Resistive switching in TiO2-based metal–insulator–metal structures with Al2O3 barrier layer at the metal/dielectric interface

• Pt/Al2O3/TiO2/TiN bilayer structures were prepared using atomic layer deposition.
• Two-step forming process led to stable repetitive bipolar resistive switching.
• Switching parameters could be effectively tuned by current compliance during SET.
• Endurance of 104 pulses was obtained for structures with 3 & 4 nm of Al2O3.
• Switching takes place in Al2O3 while TiO2 acts as an oxygen vacancy reservoir.

In this work we systematically study the effect of the Al2O3 barrier layer thickness on the resistive switching properties of Al2O3/TiO2 bilayer grown by atomic layer deposition in the Pt/Al2O3/TiO2/TiN stacks.
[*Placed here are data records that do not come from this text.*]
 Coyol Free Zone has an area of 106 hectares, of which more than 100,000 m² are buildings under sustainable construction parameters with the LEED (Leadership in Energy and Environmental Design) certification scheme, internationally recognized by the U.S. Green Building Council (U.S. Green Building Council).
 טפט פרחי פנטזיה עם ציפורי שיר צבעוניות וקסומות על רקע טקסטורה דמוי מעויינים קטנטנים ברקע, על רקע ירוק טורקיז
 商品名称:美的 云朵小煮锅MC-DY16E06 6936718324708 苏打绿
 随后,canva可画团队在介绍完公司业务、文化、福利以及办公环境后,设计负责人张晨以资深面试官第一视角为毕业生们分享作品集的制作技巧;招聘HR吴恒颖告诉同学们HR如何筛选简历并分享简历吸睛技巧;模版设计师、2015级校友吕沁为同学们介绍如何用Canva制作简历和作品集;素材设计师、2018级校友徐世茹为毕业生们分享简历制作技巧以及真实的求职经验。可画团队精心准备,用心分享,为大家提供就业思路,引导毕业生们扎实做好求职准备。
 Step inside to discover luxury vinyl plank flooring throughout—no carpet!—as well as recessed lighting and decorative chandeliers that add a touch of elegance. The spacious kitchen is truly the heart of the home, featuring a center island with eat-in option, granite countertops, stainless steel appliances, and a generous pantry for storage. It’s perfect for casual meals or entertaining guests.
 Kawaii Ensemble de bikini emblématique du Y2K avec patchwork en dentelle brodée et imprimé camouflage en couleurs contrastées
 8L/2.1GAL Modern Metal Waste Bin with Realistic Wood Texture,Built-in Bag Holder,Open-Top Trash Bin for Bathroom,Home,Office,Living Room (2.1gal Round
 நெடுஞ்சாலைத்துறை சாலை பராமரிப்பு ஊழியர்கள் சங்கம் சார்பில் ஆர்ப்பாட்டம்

It was found that an Al2O3 layer of a certain thickness is essential to stabilize the resistive switching parameters while these can be further tuned by current compliance during SET. A two-step forming process was required to achieve stable repetitive bipolar switching loops. The endurance of 104 readings of alternating resistance states was obtained for structures with 3 and 4 nm of Al2O3 during pulsed measurements. Forming was performed also at elevated temperatures using constant voltage stress. It was found that the switching is filamentary and happens in the Al2O3 layer while TiO2 is acting as an oxygen vacancy reservoir.